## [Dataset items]
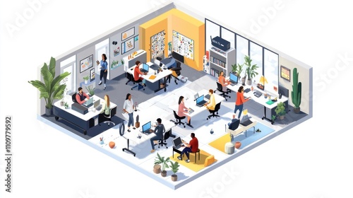 Isometric view of a modern, diverse office space with employees working at desks and collaborating.
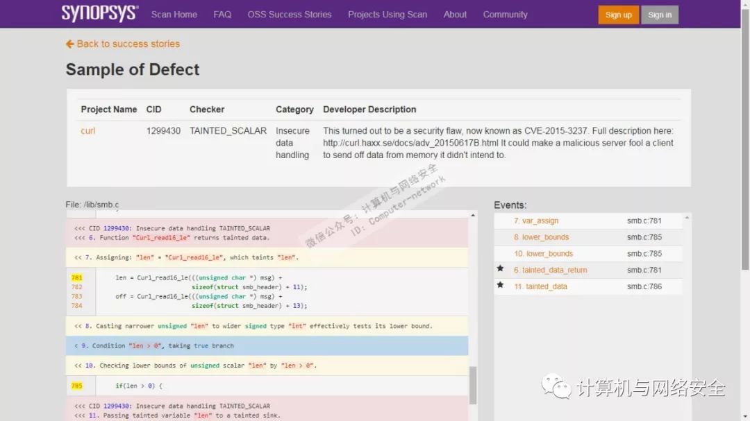 点击View Defect可以看到详细问题描述,现在以一个curl(一个利用URL语法在命令行方式下工作的开源文件传输工具)中的漏洞作为例子进行查看针对某问题的具体展示结果:
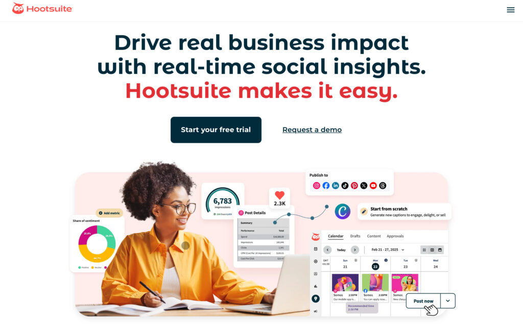 Hootsuiteは30日間の無料トライアルを提供しており、プラットフォームのコンテンツ管理インターフェースへのアクセスを提供します。エンタープライズレベルのSNS管理ソリューションを評価しているユーザーに最適です。
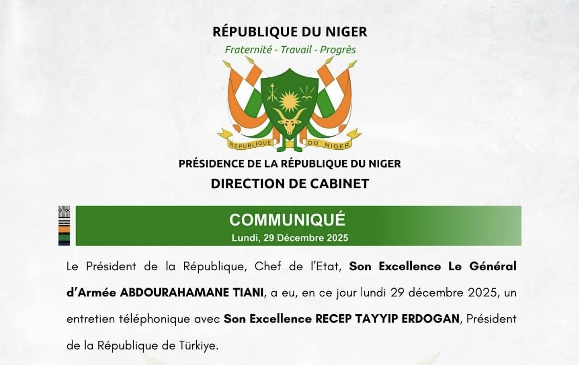 ووفق بيان صادر عن الرئاسة النيجرية، بحث الجانبان خلال الاتصال آفاق تعزيز التعاون بين النيجر وتركيا، مؤكدين تطابق وجهات النظر حول كثير من الملفات، ومشيدين بمستوى العلاقات القائمة بين البلدين في مجالات متعددة.
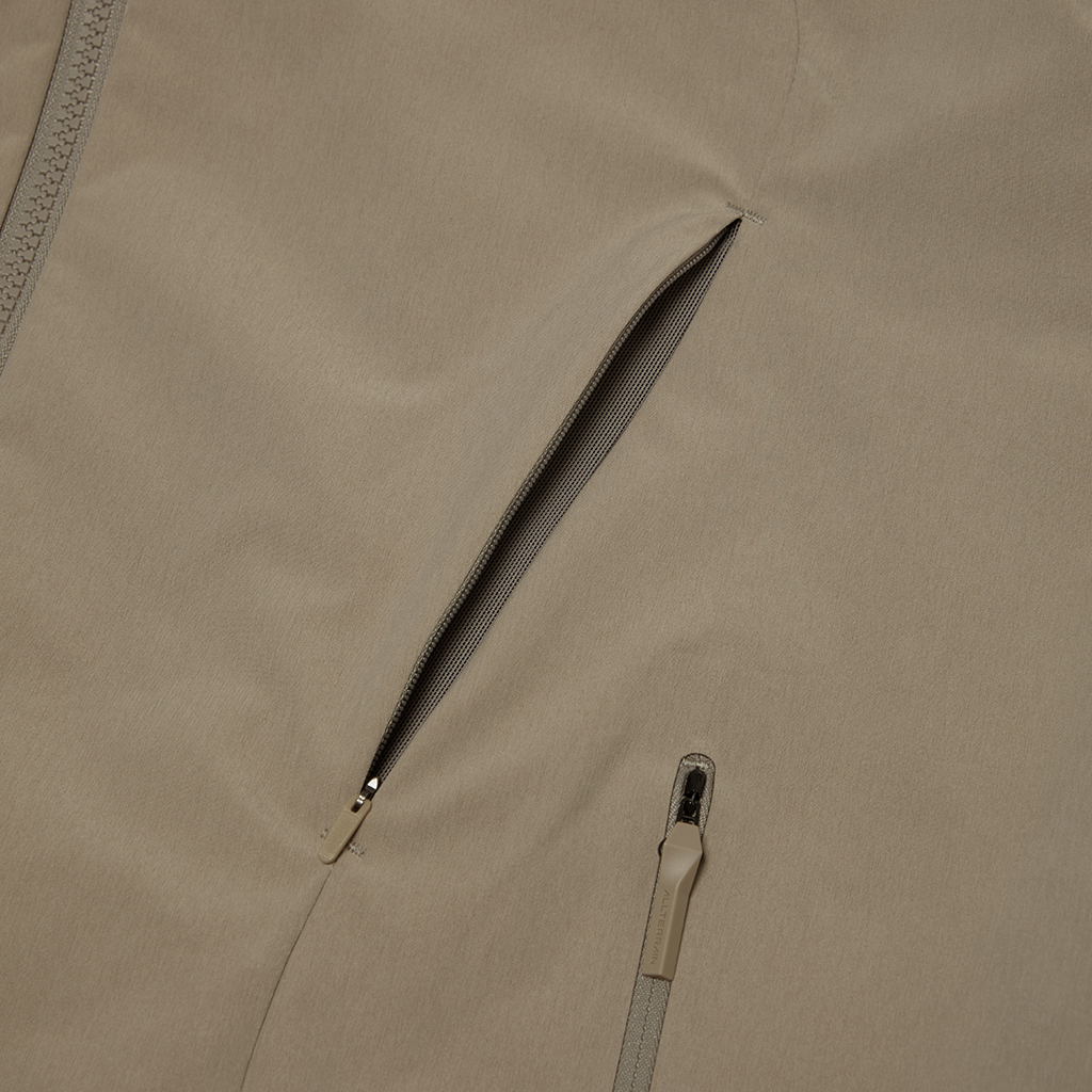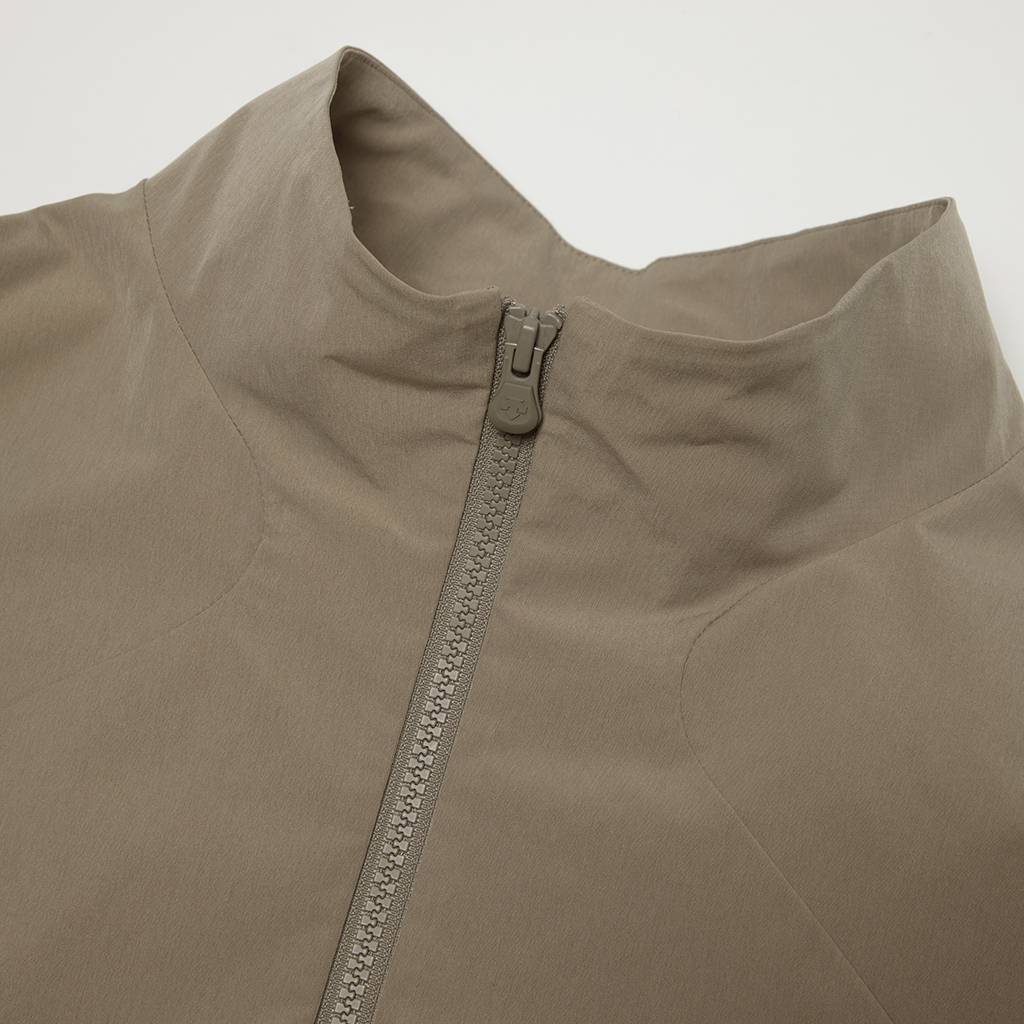 A jacket in a unique fabric using a special yarn processing technique to combine two types of fibers in a dense weave to create texture and water repellency. The lining is in Octa?, with an excellent balance between heat retention and breathability. The integration of mesh and a brushed surface in Octa? prevents sweating and discomfort and ensures the jacket remains breathable and comfortable even during active use. The front panels have concealed zippers with a ventilation function, allowing airflow regulation as needed. Its short, rounded silhouette offers both warmth and style.
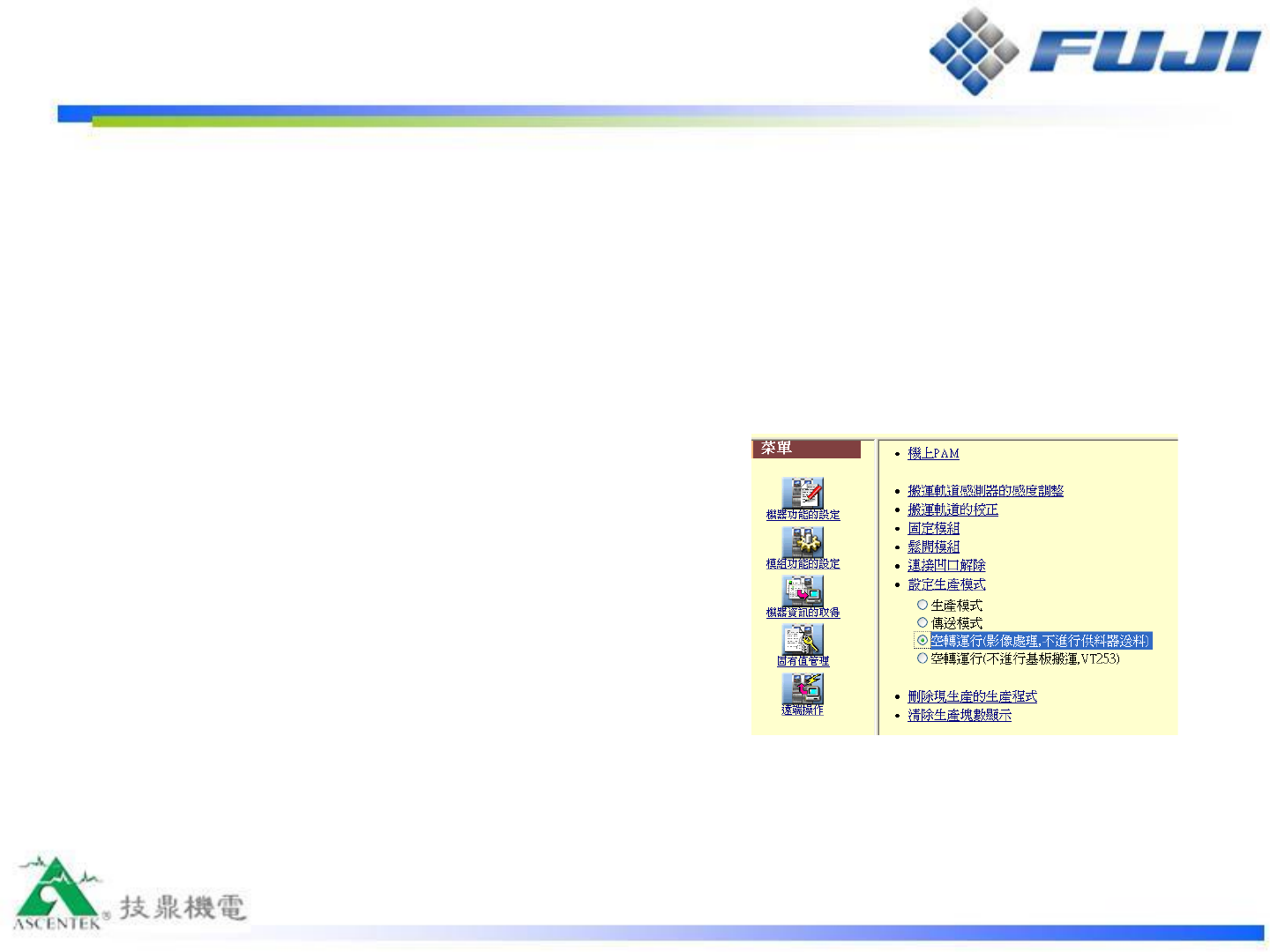 3.6.2 在附屬軟體中開啟 IDLE 模式 : 附屬軟體 -- module -- 遠端操作 -- 設定 生產模式 - 空轉模式 ( 影像處理 , 不進行供 料器送料 ) ( 注︰進行 IDLE 模式程式應選擇有吸嘴 切換動作的程式才能達到預期效果 )
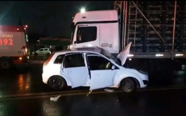 Bebê de 40 dias morre após carro ser arrastado por caminhão na BR-277

## [Exercise directions]
All lines from the start of the entries through the one with "点击View Defect可" are to be output exactly; omit the pictures.

## [Expected output]
 Isometric view of a modern, diverse office space with employees working at desks and collaborating.
 点击View Defect可以看到详细问题描述,现在以一个curl(一个利用URL语法在命令行方式下工作的开源文件传输工具)中的漏洞作为例子进行查看针对某问题的具体展示结果:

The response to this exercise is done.